§ Task requirements:
Beginning with the line containing "Myyntiin kaksi erillistä" and ending at the last line of the data, set down every line exactly, leaving out all pictures.

§ Data provided:
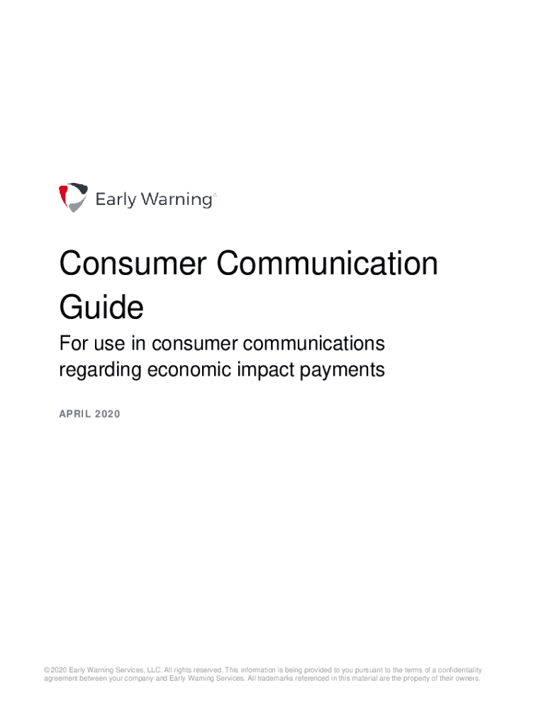 Consumer Communication Guide For use in consumer communications regarding economic impact payments APRIL 2020 2020 Early Warning Services, LLC. All rights reserved. This information is being provided
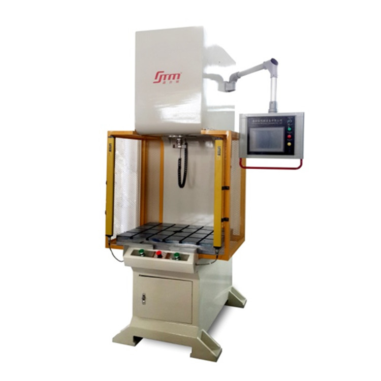 設(shè)備通過伺服液壓泵組來驅(qū)動油缸進行上下壓裝作業(yè),組建的數(shù)控系統(tǒng)人機對話可實現(xiàn)根據(jù)客戶壓裝產(chǎn)品在組態(tài)觸摸屏中對產(chǎn)品的壓裝參數(shù)設(shè)定,能夠直觀查看產(chǎn)品的壓裝數(shù)據(jù),同時可以對壓裝產(chǎn)品進行在線壓裝檢測功能,設(shè)備具有快速下壓、壓裝、保壓與返回多段壓裝速度控制,使產(chǎn)品在壓裝過程中能有效的保證了產(chǎn)品壓裝的壓力精度與位移精度;
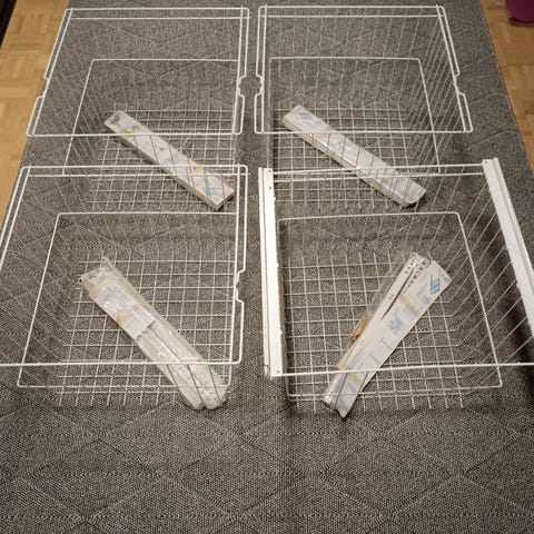 Myyntiin kaksi erillistä settiä uusia ja todella laadukkaita Inaria / Finnmirror Libra 180 -liukuovikaappiin sopivia rullakiskokoreja kiskoineen. Yhdessä setissä neljä (4) koria eli kaksi (2) matalaa ja kaksi (2) korkeaa koria.
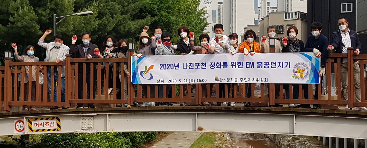 인천 서구 당하동 주민자치위원회(위원장 한규창)는 지난 21일 친환경 생태하천 조성을 위한 하천정화 활동의 일환으로 나진포천 내에 EM흙공 약 1천여 개를 투척하는 ‘나진포천 EM흙공 던지기’ 행사를 진행했다.

§ Answer space:
 Myyntiin kaksi erillistä settiä uusia ja todella laadukkaita Inaria / Finnmirror Libra 180 -liukuovikaappiin sopivia rullakiskokoreja kiskoineen. Yhdessä setissä neljä (4) koria eli kaksi (2) matalaa ja kaksi (2) korkeaa koria.
 인천 서구 당하동 주민자치위원회(위원장 한규창)는 지난 21일 친환경 생태하천 조성을 위한 하천정화 활동의 일환으로 나진포천 내에 EM흙공 약 1천여 개를 투척하는 ‘나진포천 EM흙공 던지기’ 행사를 진행했다.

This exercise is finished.